Однажды Ромен прогуливался вместе с летчиками среди холмов неподалеку от Алеппо: там есть раннехристианская базилика с замечательными абсидой и куполом, хранящая память о святом Симеоне Столпнике, который провел тридцать семь лет на столпе, засыпая обличительными посланиями великих мира сего, и там, среди руин нартекса, его нашел лейтенант, только что прибывший из Англии. У лейтенанта было для него письмо. В письме сообщалось, что Молли была убита разрывом бомбы, упавшей на школу, из которой она эвакуировала детей…

…Мы стояли в молчании вокруг тела Ромена. Не было речей, потому что он не хотел их. Он уходил от нас, как бы незаметно стираясь, — такова была его воля. Ему оставалось быть среди нас совсем недолго. Конечно, некоторые из нас молились. За него. За спасение его души, в которую он не верил. И еще молились за себя. Иные старались вспомнить его живые черты, свои встречи с ним и разговоры. Иные же и вовсе думали о чем-то постороннем: о делах, любовных связях, назначенных на сегодня встречах или вовсе ни о чем. И все же многие были опечалены, и лишь некоторые скучали…

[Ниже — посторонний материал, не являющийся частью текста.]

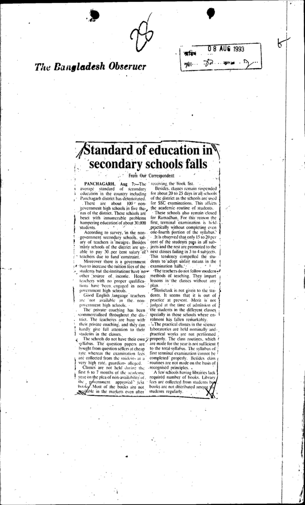 Standard of education in secondary schools falls Published on Newspaper The Bangladesh Observer Category Public Examination Public Examination SSC Download

С другой стороны гроба, погруженные в свои мысли, стояли Жерар, Бешир, Ле Кименек, великий канцлер Почетного Легиона, Виктор Лацло, Альбен Цвингли, Андре Швейцер и его сестра Франсуаза Полякова. Стояли неподвижно и молча. Альбен плакал. Франсуаза — тоже. Я представил себе, какие слова все они могли бы найти, чтобы сказать о Ромене. Каждый из них сказал бы о своем. И я сказал бы о своем. И в этих разных воспоминаниях вместе взятых был бы весь Ромен…

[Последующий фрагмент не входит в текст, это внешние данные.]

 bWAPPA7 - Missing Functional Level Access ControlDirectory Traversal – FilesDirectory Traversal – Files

Я, кажется, уже говорил, что мне случалось ненавидеть его. И что я любил его. Это бывало поочередно, а иногда — одновременно. Но он никогда не был мне безразличен — это точно. А теперь мне его не хватало, и жизнь без него представлялась пустой и тусклой. Он словно воплощал собою жизнь. Во всех жизненных испытаниях, печалях, даже в мыслях о самоубийстве нас спасает только любовь к жизни. И Ромен умел любить ее больше чем кто-либо.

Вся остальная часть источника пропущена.